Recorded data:
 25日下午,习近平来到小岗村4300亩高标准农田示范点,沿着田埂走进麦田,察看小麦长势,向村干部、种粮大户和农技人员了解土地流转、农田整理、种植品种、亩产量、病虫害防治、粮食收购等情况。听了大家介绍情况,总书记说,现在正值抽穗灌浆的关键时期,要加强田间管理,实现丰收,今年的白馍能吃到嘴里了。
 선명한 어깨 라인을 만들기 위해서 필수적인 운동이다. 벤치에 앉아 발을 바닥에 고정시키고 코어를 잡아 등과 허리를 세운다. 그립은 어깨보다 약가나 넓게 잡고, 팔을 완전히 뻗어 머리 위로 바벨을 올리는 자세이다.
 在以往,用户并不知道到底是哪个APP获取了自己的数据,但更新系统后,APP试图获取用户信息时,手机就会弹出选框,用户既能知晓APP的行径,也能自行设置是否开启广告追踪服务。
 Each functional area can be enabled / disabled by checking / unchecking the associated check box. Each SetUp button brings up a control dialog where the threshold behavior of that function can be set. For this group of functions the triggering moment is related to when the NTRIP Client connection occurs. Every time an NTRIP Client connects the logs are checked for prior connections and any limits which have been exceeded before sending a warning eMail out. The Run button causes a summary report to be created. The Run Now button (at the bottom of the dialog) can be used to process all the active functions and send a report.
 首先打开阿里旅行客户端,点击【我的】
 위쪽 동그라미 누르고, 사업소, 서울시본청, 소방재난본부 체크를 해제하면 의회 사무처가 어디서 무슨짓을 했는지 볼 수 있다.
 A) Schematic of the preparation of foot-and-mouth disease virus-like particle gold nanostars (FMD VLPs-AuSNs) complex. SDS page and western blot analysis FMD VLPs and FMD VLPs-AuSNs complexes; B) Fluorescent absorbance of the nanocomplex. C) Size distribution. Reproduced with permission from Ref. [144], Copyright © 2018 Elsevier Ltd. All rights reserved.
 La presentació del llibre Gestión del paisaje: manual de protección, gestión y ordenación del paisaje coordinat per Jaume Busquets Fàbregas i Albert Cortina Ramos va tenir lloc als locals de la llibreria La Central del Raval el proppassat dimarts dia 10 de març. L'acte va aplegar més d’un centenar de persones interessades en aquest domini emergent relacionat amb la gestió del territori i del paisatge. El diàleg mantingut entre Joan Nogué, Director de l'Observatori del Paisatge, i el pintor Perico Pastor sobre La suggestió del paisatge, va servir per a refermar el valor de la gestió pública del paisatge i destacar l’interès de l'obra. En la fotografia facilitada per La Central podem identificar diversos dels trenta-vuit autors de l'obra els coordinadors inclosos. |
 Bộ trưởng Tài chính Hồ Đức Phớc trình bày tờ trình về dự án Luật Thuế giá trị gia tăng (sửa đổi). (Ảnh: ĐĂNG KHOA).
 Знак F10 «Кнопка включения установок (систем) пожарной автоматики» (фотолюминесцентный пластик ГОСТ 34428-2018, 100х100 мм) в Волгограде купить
* * *
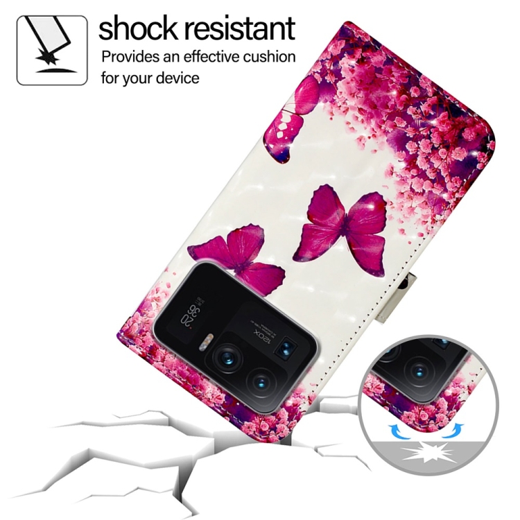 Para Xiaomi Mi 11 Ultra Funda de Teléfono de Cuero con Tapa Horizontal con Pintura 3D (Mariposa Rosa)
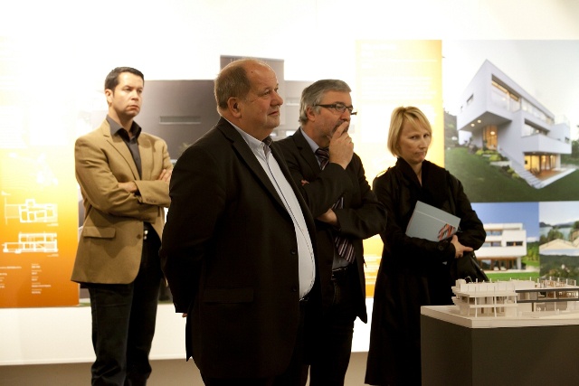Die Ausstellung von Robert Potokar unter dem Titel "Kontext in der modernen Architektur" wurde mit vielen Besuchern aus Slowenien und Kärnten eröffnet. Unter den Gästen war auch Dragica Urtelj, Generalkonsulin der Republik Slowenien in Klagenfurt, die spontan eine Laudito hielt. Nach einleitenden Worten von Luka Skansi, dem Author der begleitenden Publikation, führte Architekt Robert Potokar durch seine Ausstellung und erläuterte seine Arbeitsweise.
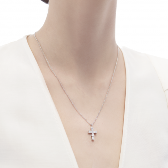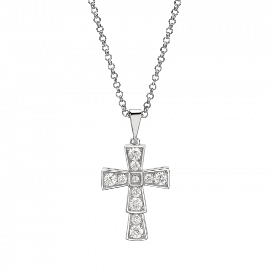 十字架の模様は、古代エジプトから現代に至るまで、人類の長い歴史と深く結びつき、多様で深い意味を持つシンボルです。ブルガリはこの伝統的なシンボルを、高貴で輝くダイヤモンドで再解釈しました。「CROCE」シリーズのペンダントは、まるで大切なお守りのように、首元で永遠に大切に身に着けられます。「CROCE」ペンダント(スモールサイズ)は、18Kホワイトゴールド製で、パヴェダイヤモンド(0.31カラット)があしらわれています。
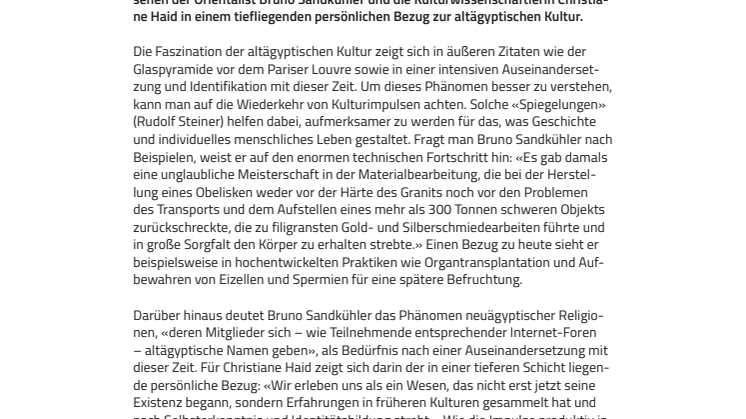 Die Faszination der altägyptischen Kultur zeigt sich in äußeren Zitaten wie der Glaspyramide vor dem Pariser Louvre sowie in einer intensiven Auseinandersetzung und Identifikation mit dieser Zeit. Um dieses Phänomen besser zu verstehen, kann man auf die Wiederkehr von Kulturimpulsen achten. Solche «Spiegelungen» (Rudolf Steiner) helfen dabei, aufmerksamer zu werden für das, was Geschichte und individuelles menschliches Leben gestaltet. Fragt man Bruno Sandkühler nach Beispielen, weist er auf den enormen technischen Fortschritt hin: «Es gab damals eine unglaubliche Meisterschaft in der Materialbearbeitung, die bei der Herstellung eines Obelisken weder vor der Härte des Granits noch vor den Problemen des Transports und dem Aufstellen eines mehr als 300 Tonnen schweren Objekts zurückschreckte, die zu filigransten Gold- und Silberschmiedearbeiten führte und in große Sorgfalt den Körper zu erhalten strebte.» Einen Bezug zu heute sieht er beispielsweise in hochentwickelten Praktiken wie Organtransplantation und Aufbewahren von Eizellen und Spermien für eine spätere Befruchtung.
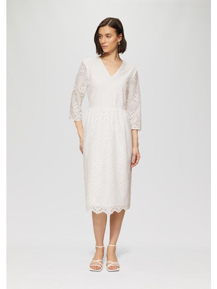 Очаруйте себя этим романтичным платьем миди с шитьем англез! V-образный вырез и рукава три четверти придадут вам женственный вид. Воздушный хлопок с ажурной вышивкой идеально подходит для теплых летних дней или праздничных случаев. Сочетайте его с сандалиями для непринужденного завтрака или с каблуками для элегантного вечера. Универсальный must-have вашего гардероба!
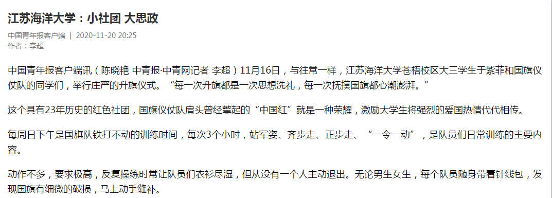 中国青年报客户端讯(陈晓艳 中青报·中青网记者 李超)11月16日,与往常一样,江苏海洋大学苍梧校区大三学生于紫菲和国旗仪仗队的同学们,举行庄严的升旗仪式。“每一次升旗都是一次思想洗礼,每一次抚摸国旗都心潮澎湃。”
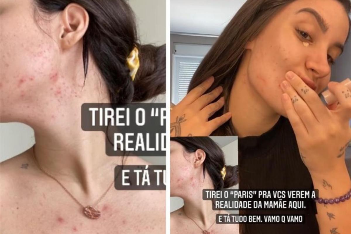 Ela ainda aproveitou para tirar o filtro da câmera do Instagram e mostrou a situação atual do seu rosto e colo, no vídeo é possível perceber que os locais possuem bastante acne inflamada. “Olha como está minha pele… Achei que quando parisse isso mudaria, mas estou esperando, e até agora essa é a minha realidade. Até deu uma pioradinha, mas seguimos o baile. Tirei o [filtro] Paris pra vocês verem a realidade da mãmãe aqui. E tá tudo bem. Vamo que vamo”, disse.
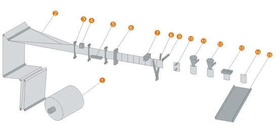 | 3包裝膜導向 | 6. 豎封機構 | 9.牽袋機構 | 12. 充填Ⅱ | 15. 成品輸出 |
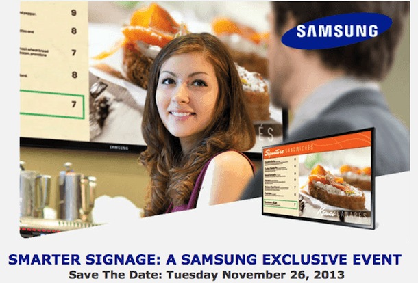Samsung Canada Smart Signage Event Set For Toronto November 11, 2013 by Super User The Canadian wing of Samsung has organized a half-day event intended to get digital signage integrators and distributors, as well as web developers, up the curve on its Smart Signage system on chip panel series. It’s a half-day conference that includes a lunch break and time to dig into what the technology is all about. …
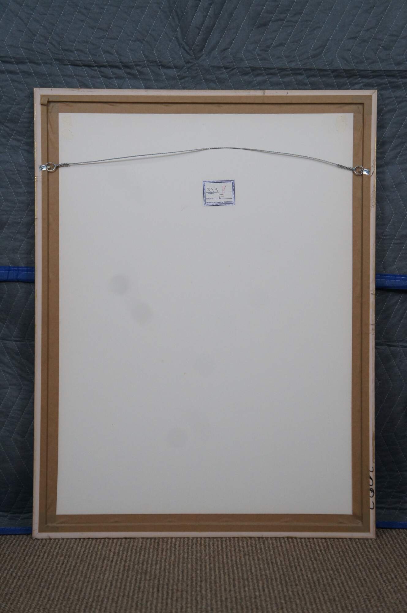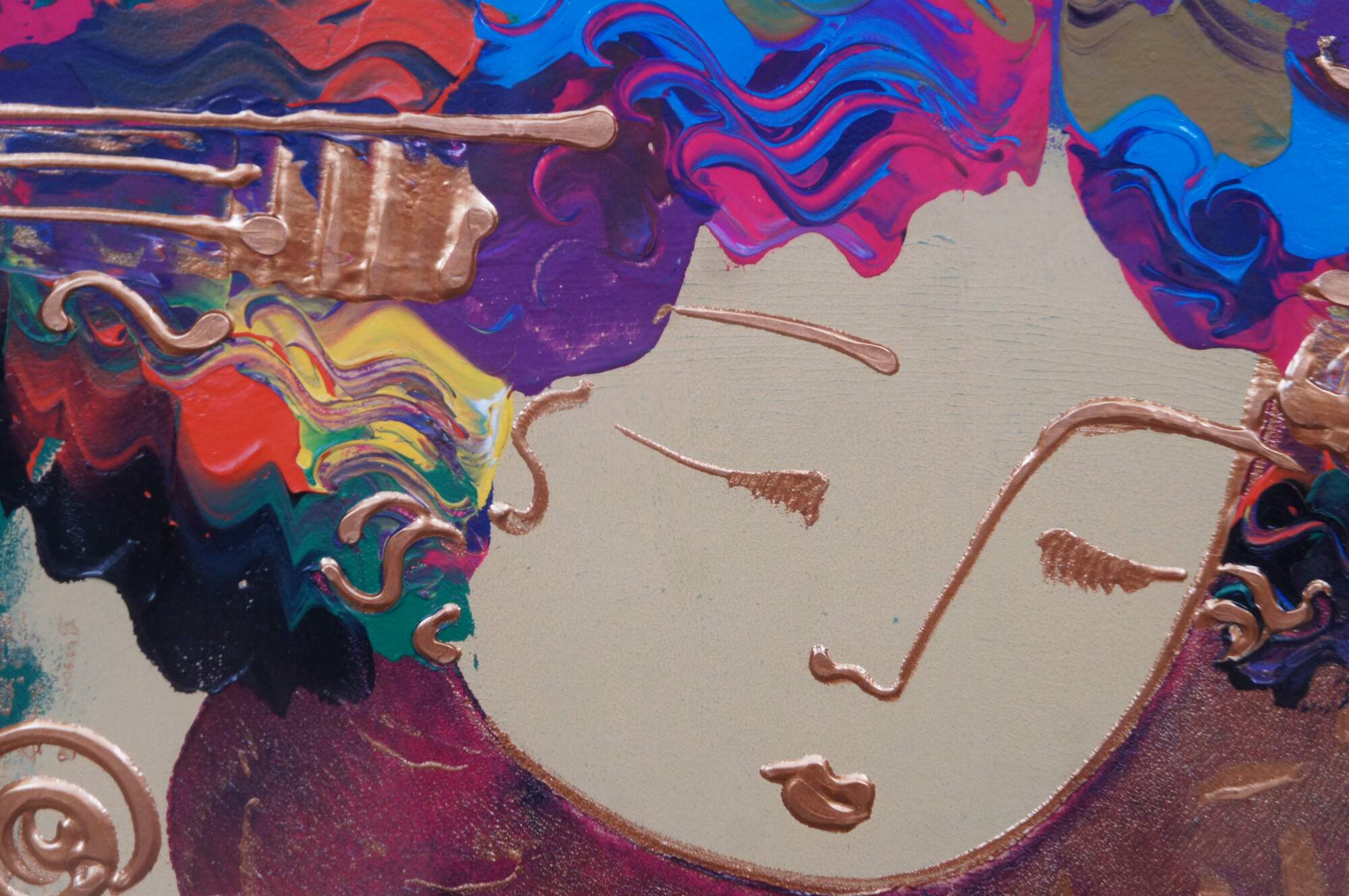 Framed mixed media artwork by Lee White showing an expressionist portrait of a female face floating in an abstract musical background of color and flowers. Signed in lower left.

Work to complete: Above are the records; copy exactly the lines from the line with "25日下午,习近平来到小岗村" through the line with "在以往,用户并不知道到底是哪", both included.

Solution to this problem:
 25日下午,习近平来到小岗村4300亩高标准农田示范点,沿着田埂走进麦田,察看小麦长势,向村干部、种粮大户和农技人员了解土地流转、农田整理、种植品种、亩产量、病虫害防治、粮食收购等情况。听了大家介绍情况,总书记说,现在正值抽穗灌浆的关键时期,要加强田间管理,实现丰收,今年的白馍能吃到嘴里了。
 선명한 어깨 라인을 만들기 위해서 필수적인 운동이다. 벤치에 앉아 발을 바닥에 고정시키고 코어를 잡아 등과 허리를 세운다. 그립은 어깨보다 약가나 넓게 잡고, 팔을 완전히 뻗어 머리 위로 바벨을 올리는 자세이다.
 在以往,用户并不知道到底是哪个APP获取了自己的数据,但更新系统后,APP试图获取用户信息时,手机就会弹出选框,用户既能知晓APP的行径,也能自行设置是否开启广告追踪服务。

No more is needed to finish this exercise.